“A dazzling insight into love, life and healing” - A Monster Calls in Chichester

Cast of A Monster Calls. Photo by Manuel Harlan.
Cast of A Monster Calls. Photo by Manuel Harlan.

The stage production of A Monster Calls comes promised as a “dazzling insight into love, life and healing” as a young boy copes with the impending loss of his mother.


The cast know they will have to look after their own mental wellbeing as they embark on the tour, which kicks off at Chichester Festival Theatre from February 6-15.


Kaye Brown, who plays Grandma, knows the emotional demands of the piece are something the cast must be prepared for.


Thirteen-year-old Conor and his mum have managed just fine since his dad moved away. But now his mum is sick and not getting any better. His grandmother won’t stop interfering and the kids at school won’t look him in the eye.


Then, one night, Conor is woken by something at his window. A monster has come walking. It’s come to tell Conor tales from when it walked before. And when it’s finished, Conor must tell his own story and face his deepest fears.


“The grandma is the blunt truth that nobody wants to face,” says Kaye. “Everyone is shirking around the issues of what is really going on. I am the one that is having to say that my daughter is not going to make it. I am playing like the devil’s advocate in trying to speak to the boy about it and in trying to speak to my daughter about it, but really everyone is trying to brush it under the carpet.


“I am the stroppy grandmother who is saying that you must face up to it. We are all quite prone to not wanting to face up to these situations; we are not very good at just sitting down and talking about them.


“The grandma in some ways is not the nicest of people. She is not the warmest of people, but her intentions are right, and her relationship with the young boy is interesting. In some ways the young man has got quite an ageist view of grandmas. He wants her to be all warm and cosy and making cocoa. But she runs her own business. She dyes her hair because she doesn’t want grey hair. And he is like ‘Why can’t you be like normal grandmothers!’”

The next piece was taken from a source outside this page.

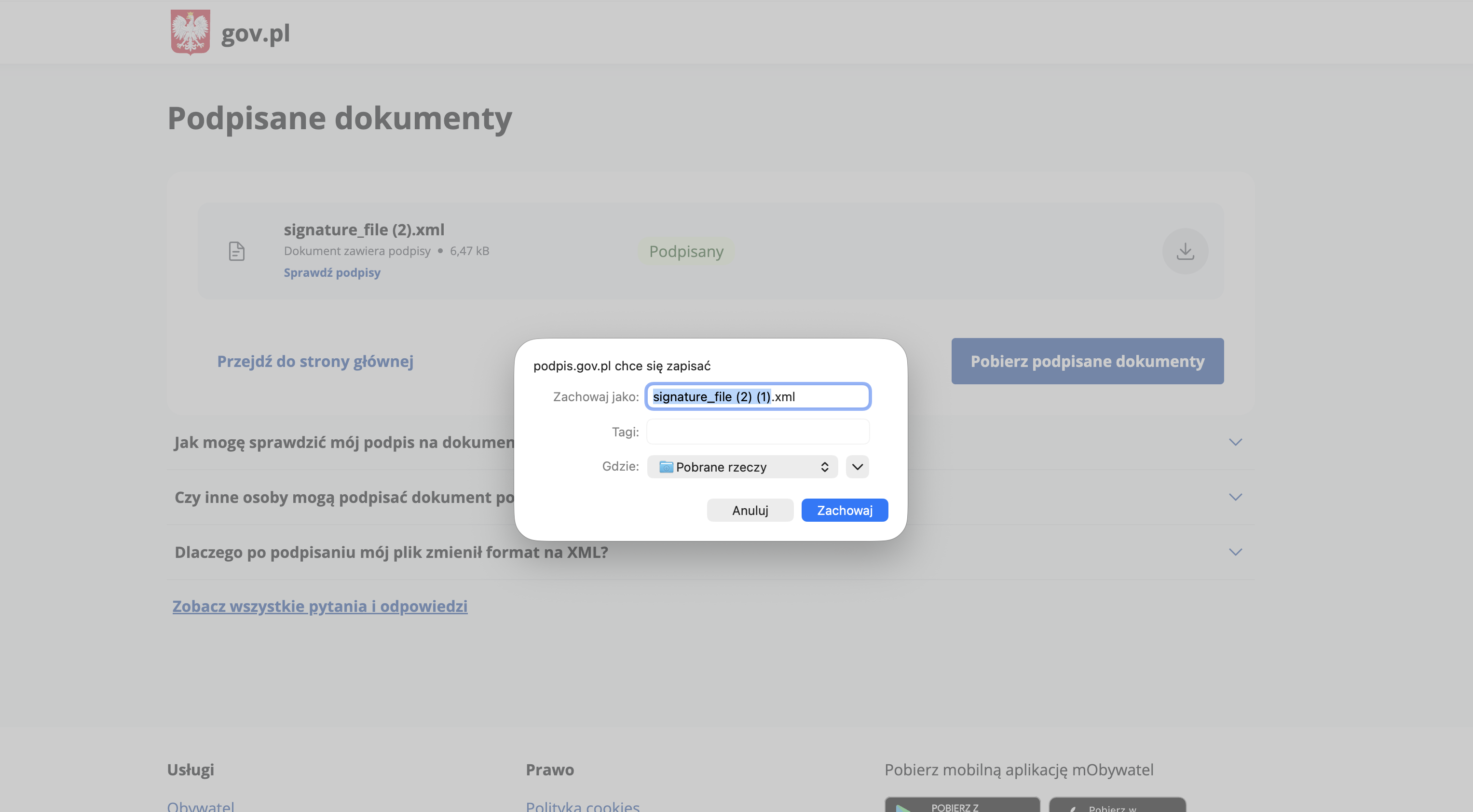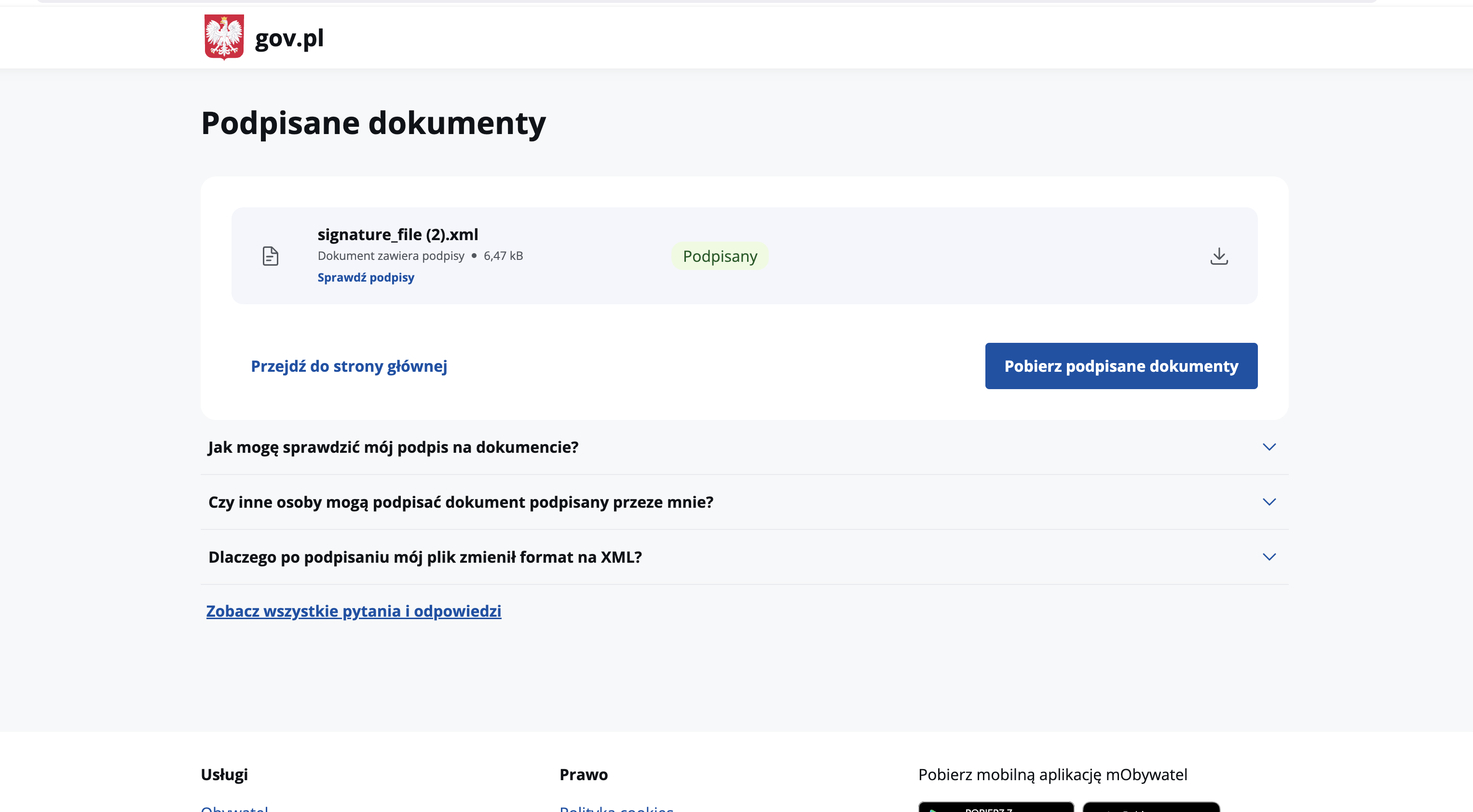 10. After successful signing, click Pobierz podpisane dokumenty (Download signed documents).

Inevitably, it’s going to be emotional – something the cast discussed in rehearsals.


“But there are ways of coping with the grief. There are ways before you start the performance of warming yourself up and then afterwards there are ways of gently psychologically shutting the door on what you have been doing.


“Different actors will talk about the different processes of getting into the characters, but with this I think you have to be aware that you are living in the world of the play and that it is not your real world. You have to be aware of it on the stage and then you have got to be able to step back. I think we need to be very aware psychologically of that. We need to be able to ground ourselves in that way. We need to make sure that we are looking after our own mental health as well. It has got to be almost like taking off a coat at the end, like shedding a skin. You have got to be careful that you are not taking too much home with you at the end of the performance… and then that way you can make sure that you are ready for the next performance the next day, but I know that it won’t always be easy.”


The cast includes Greg Bernstein (Harry), Kaye Brown (Grandma), Raffaella Covino, Ammar Duffus (Conor), Keith Gilmore (Monster), Jade Hackett (Sully), Cora Kirk (Lily), Kel Matsena (Anton) and Maria Omakinwa (Mum).